Preparation and Influence Mechanism of High-Efficiency Bamboo-Based Conductive Carbon Powder by One-Step Carbonization

Abstract

Conductive carbon materials from biomass have recently attract scholars’ interest, but their preparation usually requires both high carbonization temperature and multiple carbonization process. To solve the above problems, bamboo industrial powder (BP) waste was used as raw materials and mixed directly with FeCl3 as the catalyst, followed by conducting pyrolysis and one-step carbonization to prepare conductive carbon powder. Influence of the mass ratio of BP to FeCl3, carbonization temperature and carbonization time on the conductivity of BC was surveyed.
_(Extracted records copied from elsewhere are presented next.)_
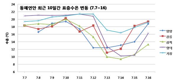 ◦ 태풍 관련 동해연안 수온 급하강 정보(해양자료속보 제4702호, 2015.7.13.) 및 동해 연안 수온 변동 정보(해양자료속보 제 4705호, 2015.7.15.)와 관련임. ◦ 국립수산과학원에서 설치 운영하고 있는 실시간 어장환경정보시스템 관측 자료의 분석 결과, 동해연안의 최근 10일간 수온 변동은 아래와 같음 (7월 7∼16일). ◦ 2015년 제 9호 태풍 찬홈의 통과후 해수의 연직혼합으로 수온이 급하강 하였으나, 빠른 속도로 수온이 회복되는 단계에 있음. ◦ 그 결과, 동해 연안은 9호 태풍 통과후 4∼10℃까지 하강하였던 수온이 다시 4∼8℃ 급상승하는 경향을 나타냄. - 태풍통과에 따른 수온 변화 (7.10→7.14→7.16) : 양양 19℃→12℃→19℃, 강릉 20℃→ 11℃→19℃, 삼척 20℃→9℃→13℃, 영덕 21℃→10℃→16℃, 기장 21℃→16℃→19℃
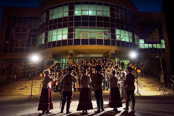 6 мая сотрудники ВГУ и казачий ансамбль Девицкого СДК «Звонница» исполнили песни Победы на ступеньках экономического факультета. Мероприятие приурочили к грядущему Дню Победы.
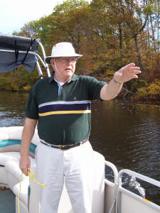 Most prominent on the opening page map, besides the river itself, is the large lagoon. As we move to the digital images below, I will begin with that area, then move to some pictures along the river taken during a ride on what was then a newly donated pontoon boat. The president of the board and a couple of staff members were about to take a test drive when I happened along and was invited to join them. Pontoon boat rides are often available during festival times. |
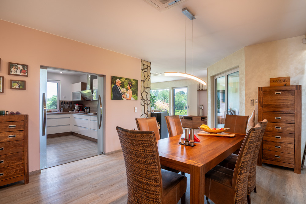 Majitelé v nedávné době učinili několik životních kroků. Poté, co jejich děti odrostly a odstěhovaly se, se rozhodli po dvaceti letech společného života vzít a pořídit si bydlení, které bude splňovat jejich představy. Našli ideální pozemek u rybníka, kde si vysnili vlastní dům. A měli hned jasno – dřevostavba na klíč 4+kk byla ideální volbou. Chtěli úsporné, rychlé a spolehlivé bydlení, které bude pocitově teplé a zároveň zapadne do krajiny. Protože neměli se stavbou domu předchozí zkušenosti, nechali si od přátel doporučit nejlepší firmu na dřevostavby na trhu, společnost Haas Fertigbau.
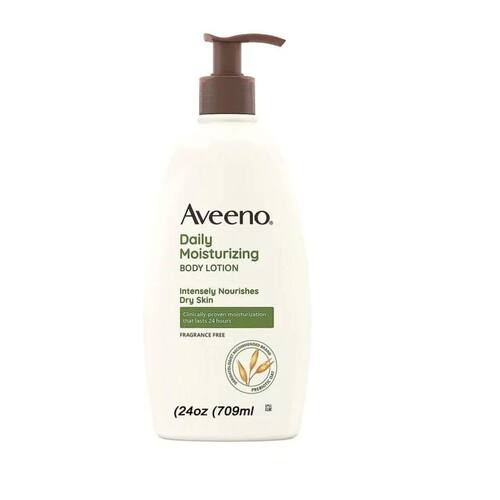 Aveeno Daily Moisturizing 709ml Hidratação Corporal 24 Horas A Loção Corporal Hidratante Diária Aveeno com fórmula de Aveia Prebiótica nutre intensamente a pele seca. Formulada com aveia prebiótica , a loção sem fragrância tem hidratação clinicamente comprovada que dura 24 horas. Esta loção corporal diária nutre e ajuda a repor a barreira natural de hidratação da pele. A fórmula única de aveia prebiótica é rapidamente absorvida e nutre a pele seca com hidratação, deixando a pele macia, bonita e com aparência saudável. A fórmula suave da Loção Hidratante Diária Aveeno não contém fragrâncias, parabenos ou corantes. Testada contra alergias e não é oleosa, não comedogênica e é suave o suficiente para uso diário como parte de uma rotina regular de cuidados com a pele e beleza. Para usar, aplique diariamente quantas vezes for necessário. Aveeno Loção Corporal Hidratante Diária com aveia prebiótica nutre intensamente a pele seca Loção suave, adequada para peles sensíveis, possui hidratação clinicamente comprovada que dura 24 horas. A loção corporal hidratante nutre e ajuda a repor a barreira natural de hidratação da pele Apresentando uma fórmula de rápida absorção que deixa sua pele macia, bonita e com aparência saudável Garrafa feita com 30% de plástico reciclável. Marca: Não Informado
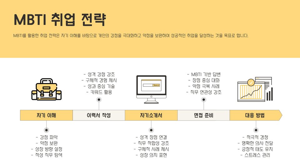 마지막으로 자기소개서와 면접 준비가 필요합니다. 자신의 성격 유형을 살려, 자신을 잘 표현할 수 있는 방법을 찾아야 합니다. 주요 성과나 프로젝트를 강조해, 고용주에게 자신의 가치를 잘 전달해야 합니다.
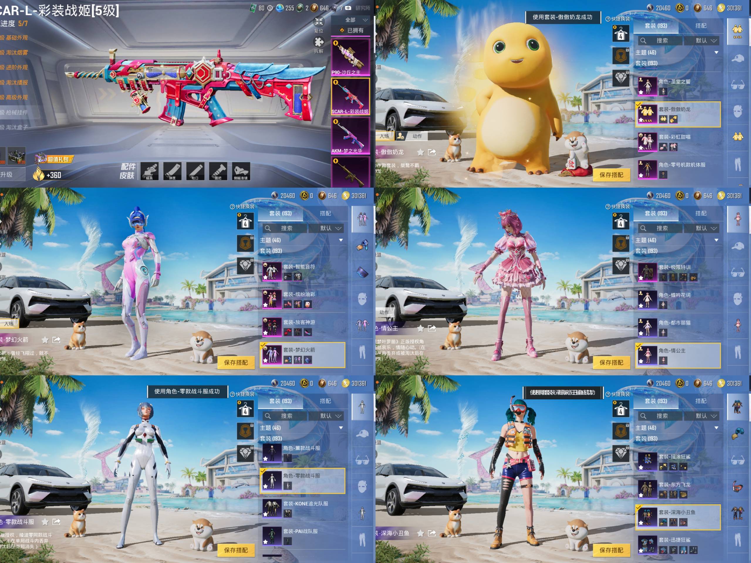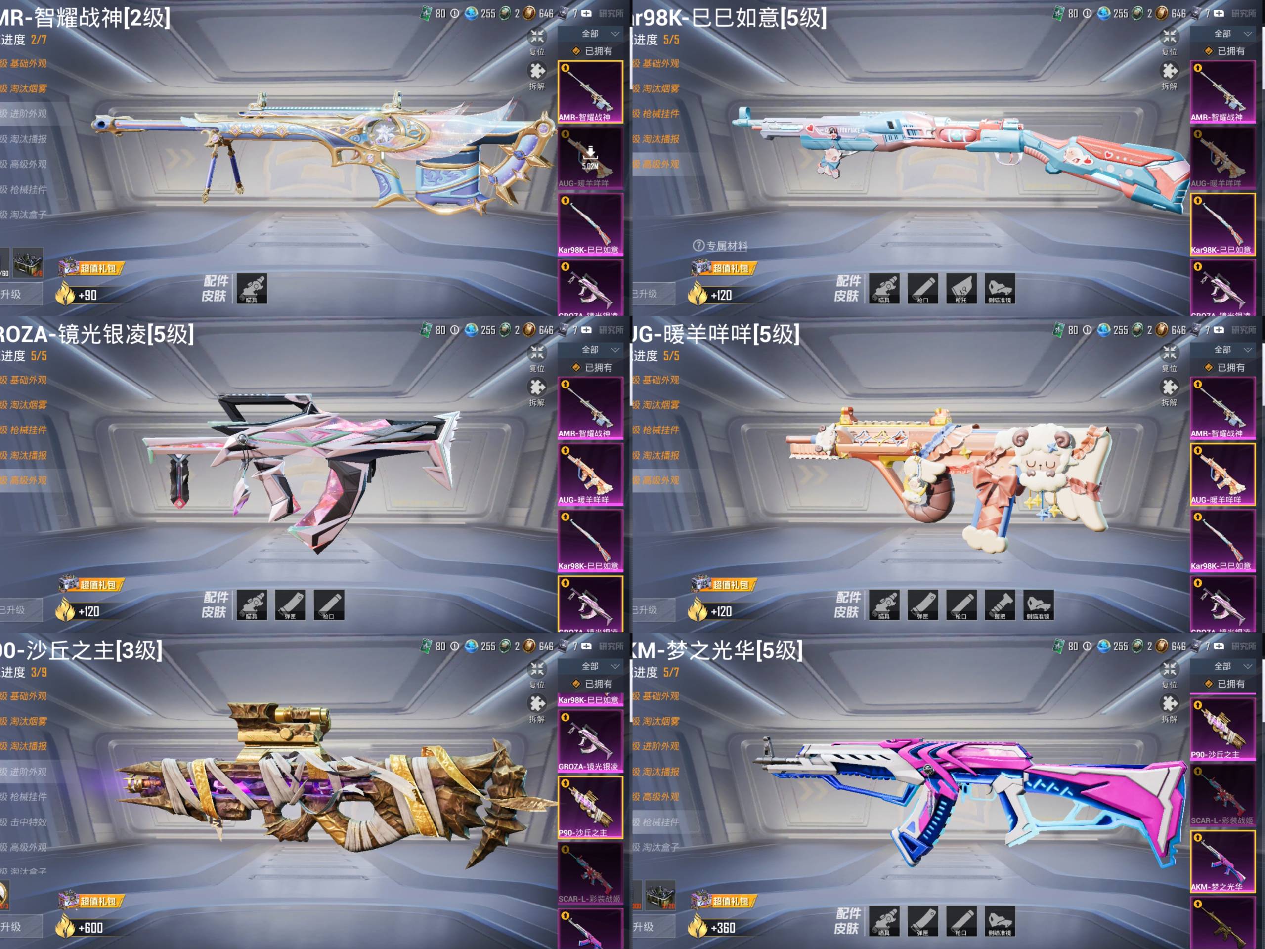 M416-五爪金龙,AKM-梦之光华,SCAR-L-彩装战姬,P90-沙丘之主,GROZA-镜光银凌,Kar98K-巳巳如意,AUG-暖羊咩咩

According to comprehensive performance of the resulting bamboo charcoal (BC), the best conditions were identified as carbonization at 1300 °C for 2 h with the mass ratio of BP to FeCl3 for 50:1. Under the conditions, the graphite structure transformed from amorphous structure was confirmed by XRD and Raman. And the well-defined lattice fringes were observed and presented as the curve structure with the spacing of 0.340 nm, which was the sign of the graphitic structure. Under optimal conditions, the conductivity value reached 38.08 S·cm−1. This work provides a theoretical basis for the formation of highly graphitized BC from bamboo in one-step method and the highly value-added conductive BC has a potential application in electromagnetic shielding and electrochemistry.